‘Nations stumble upon establishments, which are indeed the result of human action,
but not the execution of any human design.’
Adam Ferguson, An Essay on the History of Civil Society (1767)

24 February 2010

A Libertarian Defence of the Appointed Red Chamber

While conservative in my politics, I don’t consider myself a libertarian—being rather more in tune with the Tory values that exemplify the career of Canada’s first prime minister, Sir John A. Macdonald. Yet when thinking a bit about the fate of the Senate of Canada, and particularly about its method of composition, I begin to see the outline of a libertarian defence for appointing senators.

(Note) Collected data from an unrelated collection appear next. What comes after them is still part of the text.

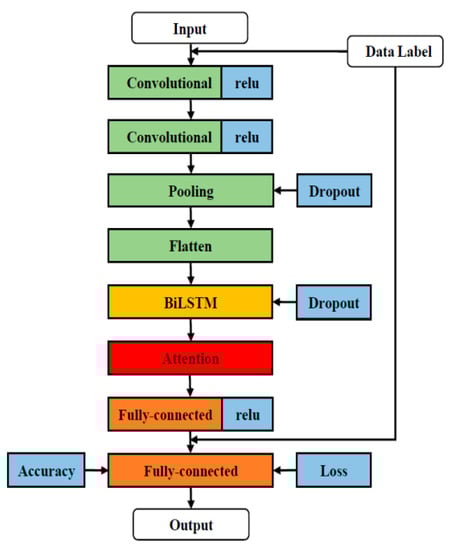 In this paper, the attention mechanism was used to assign weights to each time step output vector of the BiLSTM layer by assigning different initialization probability weights. Finally, the values were calculated by the sigmoid function. The attention mechanism achieves selective filtering and focusing of some critical information from a large number of signal features. The focusing process was embodied in the calculation of the weight coefficients. Different weights were allocated to different critical pieces of information, and the proportion of critical information was enhanced by lifting the weights to reduce the loss of critical information of long sequence timing signals. The calculation formula for the attention mechanism [] is as follows: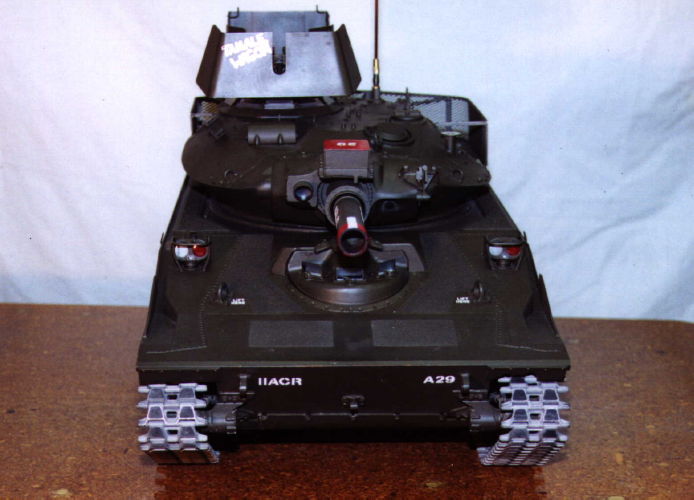 The model is 31 inches long, 13 3/4 wide and 14 1/2 high over the .50 cal. It weighs 65 pounds. It travels at .65 mph max in Lo Range, which is equivalent to about 5 mph in the full size M551. It travels at 2.5 mph max in Hi Range, which is equivalent to about 20 mph in the full size. Although the full size had a max speed of 43 mph it would be very difficult to control the model when running at that equivalent scale speed. The model will operate for about 2 1/2 hours in Lo Range and about 1 3/4 hours in Hi Range before requiring battery recharging. It will climb a 60% grade in both Lo and Hi range. There is a receiver and antenna inside the hull, which controls the Vantec, the turret drive motor and shifting of the drive module. With a separate receiver and battery pack in the turret, sliprings between the hull and turret are not required.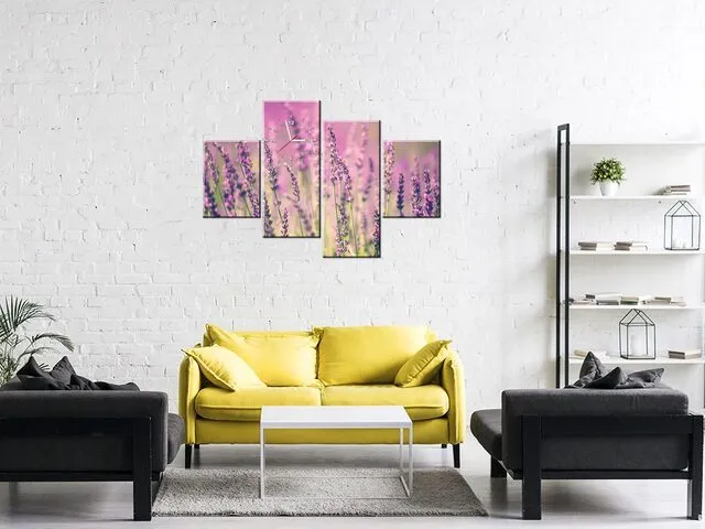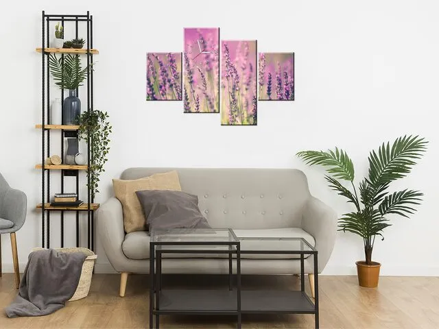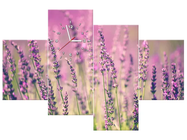 Úvod » Obrazy » Obrazy s hodinami » Moderné nástenné hodiny na plátne Levanduľa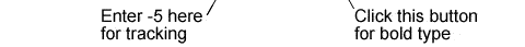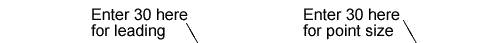 size, 30 for the leading, -5 for tracking and click

Recent weeks have been spent reading a number of seminal tracts in the libertarian tradition (a theme to which I shall return in future), and I can report with some confidence that it is divided into two main camps: moderates who adhere to what are commonly called classical liberal beliefs or minarchy (sometimes taken to be synonymous with modern conservatism) and those who are rather more radical in their principles, the philosophical anarchists (or ‘anarcho-capitalists’).

The first, while not exactly boosters for the status quo, will admit grudgingly that the State does have its uses. It adjudicates contracts between contesting parties and upholds security of person and property: by applying law and order for domestic disputes, and supplying the armed services against foreign invasion. Ideally, then, for this branch of libertarianism was coined the belief that ‘government is best which governs least’.

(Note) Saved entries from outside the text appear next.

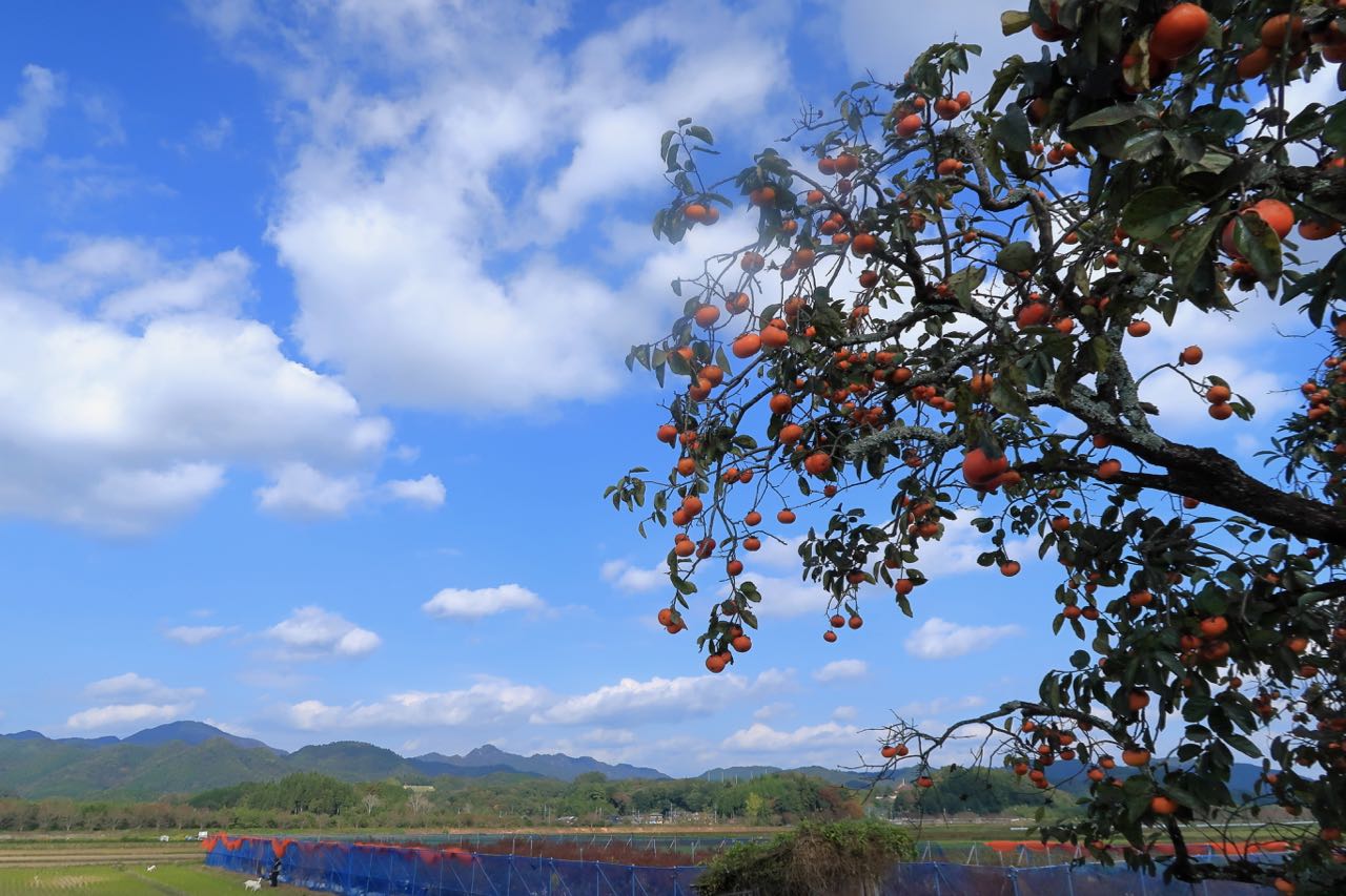 柿の木の向こうの空は清々しく晴れた青空が広がっている。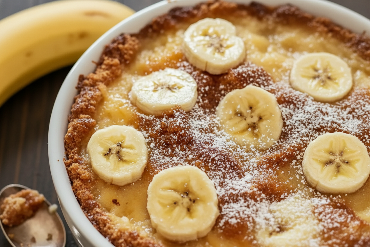 Let me share a little secret. The magic is in the layering. You pour the batter in the dish first. Then you spoon the gooey banana mixture right on top. Here is the key. Do not stir. Not even a little bit. I know it feels funny to leave it alone.
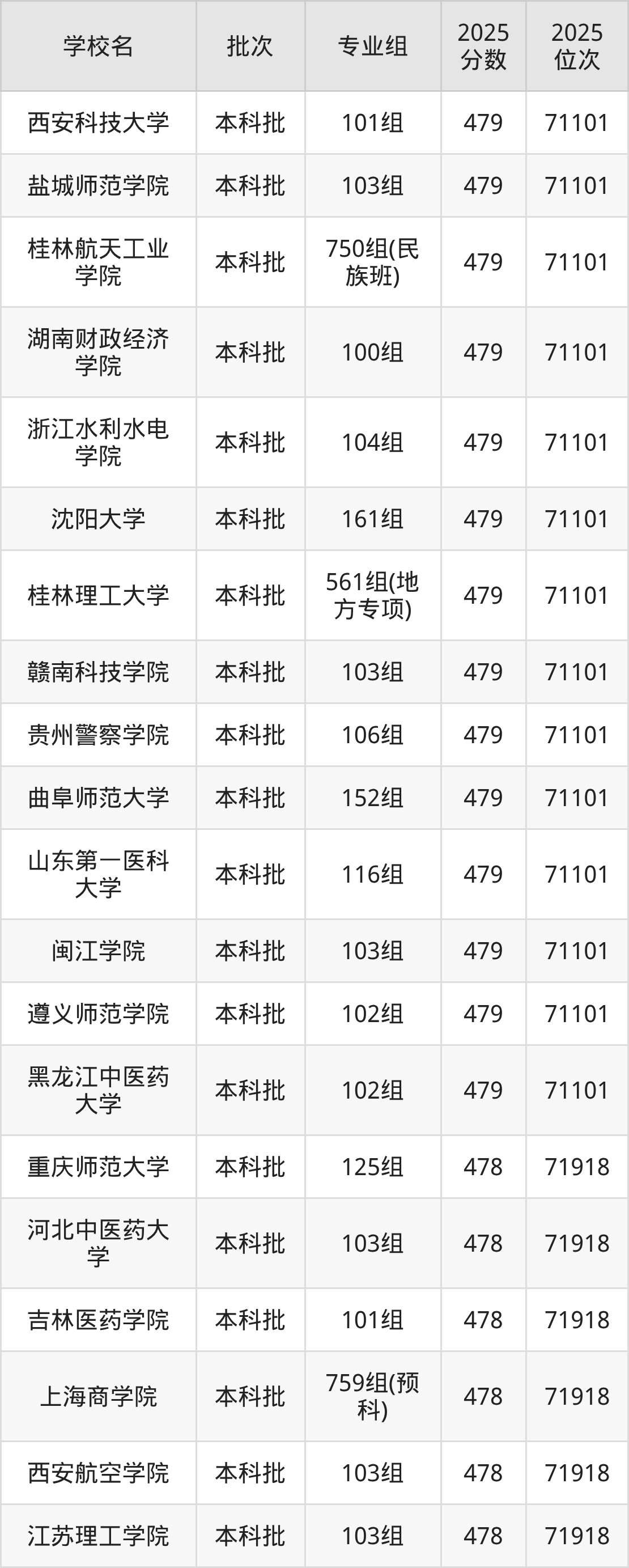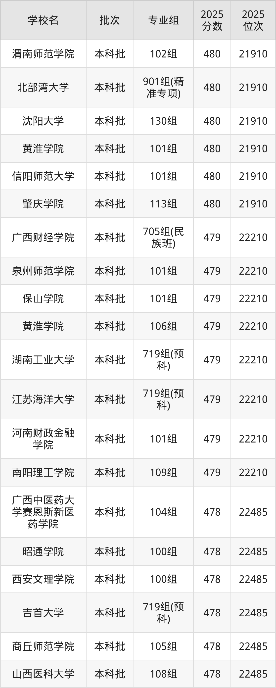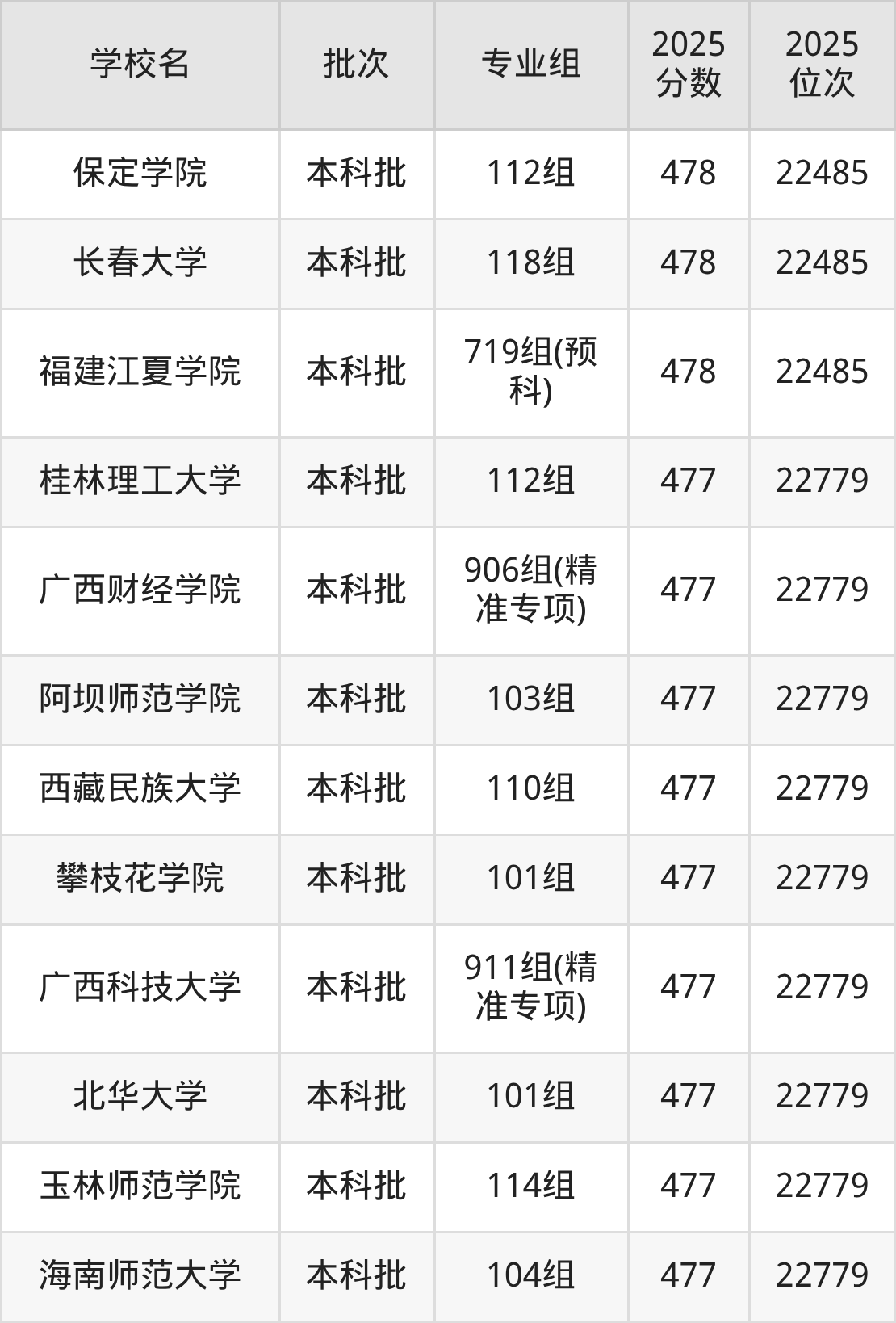 2025年广西高考历史类478分(22211名~22485名)能上的大学有保定学院112组、山西医科大学108组、商丘师范学院105组、吉首大学719组(预科)等。

The second band of libertarians, no doubt, considers the first group soft. No form of government is acceptable to them. Social action is based upon voluntary agreements entered into freely. All transactions, therefore, take the form of simple market processes, ergo the ‘capitalist’ label. Anything not openly agreed to—and thence with no means of ‘opting-out’—is coercive and an affront to fundamental natural law and human rights.

But what has this to do, you ask, with the benefits of an appointed Red Chamber?

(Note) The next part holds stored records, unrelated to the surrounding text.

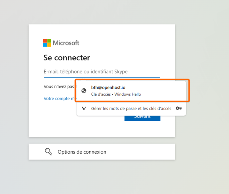 💡À savoir : Windows Hello est lié au poste, il n’est pas utilisable tel quel depuis un ordinateur personnel.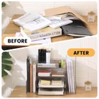 4 Layers Office Organization: Our office organization and storage has 4 trays and 2 Vertical file holders that can be used to display your items or store savings, such as A4 paper, documents, Magazines, Binders, books, notebooks, notepads, stationery, pens, keys, jewelry, etc., providing you with a lot of convenience. Stylish and Sturdy Desk Organizer: Our paper letter tray is made of thick premium PET material, which features durable and sturdy to use for a long time. The transparent office storage looks very clean and sleek, and it can provide a clean/organized look of your home and office desk for you. Space Saveing: With a stackable and vertical design, this desk organizer tray takes up a small space in your office desk, but provides you with a large storage space. This clear office folder holder for desk can keep all your stuff in one place. It will nicely to sort and hold your office supply and desk accessories. Multiple Functional: This horizontal stackable desk organizers and storage is great for school, home, and office to organize textbooks, notebooks, teachers' and students' files, documents, magazines, stationery, printer paper, pencils, etc. 100% Satisfaction Guaranty: Customer satisfaction is on our top priority. If there have quality and transport damage problems with the office desk organizer, contact us, we will do best to offer a satisfactory solution for you within 24 hours.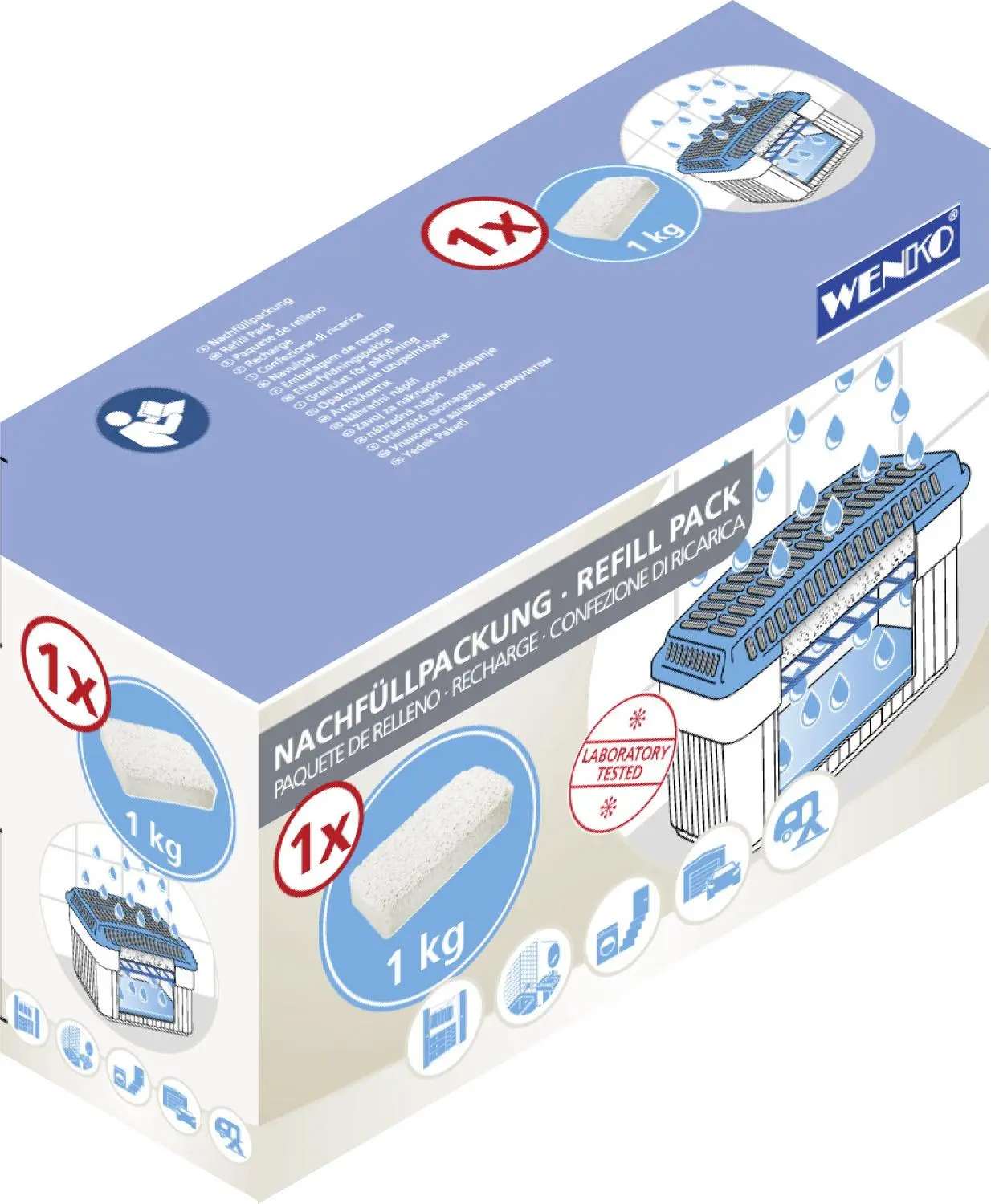 In an environmentally friendly way, it protects walls, furniture, textiles or the car from moisture, mould and unpleasant odours with the dehumidification process that starts immediately.1 kg refiller of the drying granulate for the 1 kg moisture killer is sufficient for approx. 4-6 months in rooms up to 80 m³.The ingredients behave biologically-chemically similar to natural drying agents such as sea salt.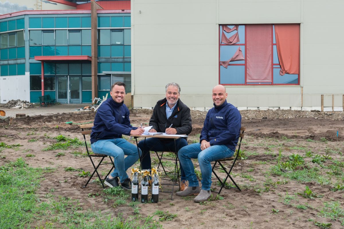 Op de foto: Rik (l) en Niels (r) Vermeulen en Wimfried van Kesteren (m) tekenen de overeenkomst, op de locatie waar straks het nieuwe tankstation verrijst.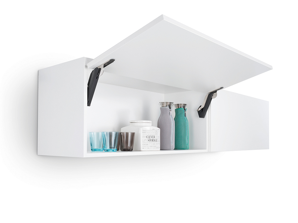 Complete set for handle-free opening (PTO - Push To Open) for upper cabinets without using hinges with minimalist fitting dimensions. Headboard height 200-650mm, width up to 1800mm. Integrated opening angle limiter 107°=>90°.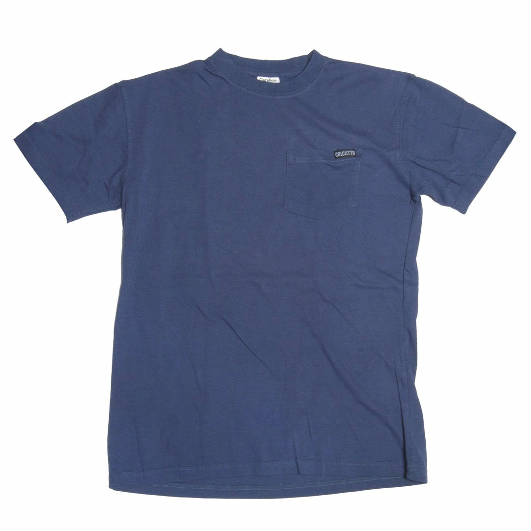 China Blue Ringspun Enzyme Washed T-shirt with Original Logo Flag design on back. Pocket front on all sizes except small.

In the general outlines of libertarian thought—basically a paean to limited government—is where the genius of our existing Senate lies.

Surely I am raising a provocative paradox; wouldn’t a philosophy of freedom advocate for democratic senatorial representation, unfiltered through the prism of responsible government?

Yet, if your objective is less government, then your goal is not an elected Senate.

If your objective is less self-important legislators, less legislative gridlock, and less regulatory intrusion—all with the potential of inhibiting personal liberty—your goal is not to encourage their expansion. Your goal, as a libertarian, is to maintain what is by comparison a lesser obstacle to freedom.

Consider this an axiomatic warning: as surely as night follows day, a senator elected by popular will, with the wind in his sails and newfound electoral legitimacy conferred upon him, will feel duty-bound to live up to expectations to be as energetic and industrious as his colleagues in the House of Commons.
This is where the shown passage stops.